Gemeinschaft

Gedanken zum Sonntag, 19. August 2018 (Johannesevangelium 6,51-58)

 

Nun bin ich zum dritten Mal in dieser Kirche für den Sonntagsgottesdienst. Seit wenigen Wochen studiere ich in Paris und bin immer noch dabei, mich an die Grossstadtverhältnisse und die Sprache zu gewöhnen. Ich bin etwas zu früh und geniesse es in der grossen alten Kirche zu sitzen und die Stimmung auf mich wirken zu lassen. Da werde ich angesprochen von einer Frau. Sie fragt mich, ob ich zur Messe käme – was ich bejahe. Dann fragt sie mich, ob ich helfen würde, die Kommunion zu verteilen. Ich bin überrascht, will etwas entgegnen. Sie beschwichtigt und meint, wer mehr als zwei drei Mal hier zur Messe komme, der gehöre dazu.

Dies war im Herbst 1988. Ich bin dann ein ganzes Jahr immer wieder in St. Merry im Herzen von Paris zur Kirche gegangen. Als fremder Student angenommen und persönlich willkommen zu sein, kannte ich nicht. Dass ich mich beteiligen konnte und dazu eingeladen wurde, beeindruckte mich. Und unvergesslich bleibt mir die Messe, weil wir alle – manchmal weit über 200 Leute – mit dem Pfarrer um den Altar standen und miteinander feierten. Wir waren eine Gemeinschaft von gleichwertigen Menschen unterschiedlicher Herkunft, Geschichten und Rollen.

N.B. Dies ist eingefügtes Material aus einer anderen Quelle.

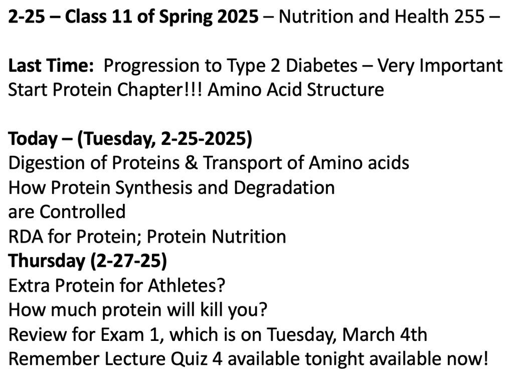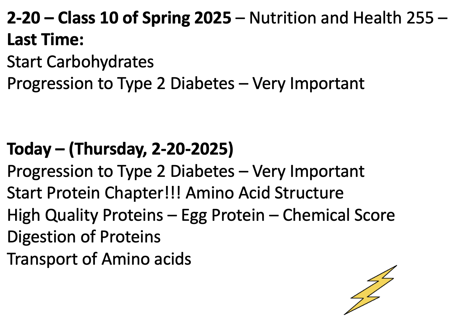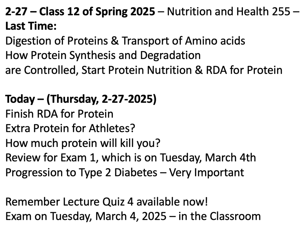 Class 12 – Nutrition and Health – Spring 2025 – February 27th – Chapter 5 in McGuire – Protein & Review for Exam 1
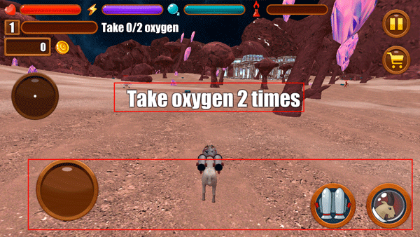 进入游戏后,通关的目标是收集到两罐氧气;游戏界面左侧设有方向控制键,用于操控移动,右侧则是飞行键与攻击键。

Eben komme ich von meiner Wanderung aufs Stanserhorn zurück. Noch halbdunkel war es, als ich zu Hause aufgebrochen bin. Ich geniesse es, ganz allein zuerst durch den Wald und dann über steile Wiesen und Planggen auf unseren Hausberg zu steigen. Wenn ich so unterwegs bin und bei einer kurzen Verschnaufpause in die Bergwelt des Berneroberlands schaue, dann erfüllt mich ein tiefes Gefühl der Freiheit – ohne Sorgen. Mit jedem Höhenmeter, den ich mache, wird eine innere Freude verstärkt. Ich bin zwar allein, brauche und geniesse es, aber die Sicht in die Tiefe und die Weite strahlt so einen Frieden aus, der mich zum Teil des Ganzen werden lässt und doch Bodenhaftung gibt. Und alles ist in Ordnung.

Diese beiden Erinnerungen tauchen auf, wenn ich das heutige Evangelium lese. Nein – sie finden sich nicht direkt im Text. Ich finde sie auf einem Umweg. Wie der Autor des Textes, wir nennen ihn Johannes, spricht, ist mir zwar von der Tradition bekannt, aber gleichwohl fremd. Das Bild von Fleisch und Blut liegt mir nicht und ich brauche einiges an Zeit, dem auf die Spur zu kommen, was gemeint sein könnte.

Kann es sein, dass meine Erfahrung beim z’Bärg gehen nicht eine Vorahnung sein können von dem, was als himmlische Gemeinschaft von Johannes erzählt wird? Ein Urvertrauen mit Gott, Sohn und Geist? Und geht es dem, was Jesus und seine Freundinnen und Freude teilten, im Ursprung des Abendmahls nicht darum, was mich seit 30 Jahren nie losgelassen hat?

Thomas Wallimann-Sasaki ist Theologe und Sozialethiker. Er leitet das Institut für Sozialethik «ethik22» in Zürich und ist Präsident a.i. der Nationalkommission Justitia et Pax der Schweizer Bischofskonferenz.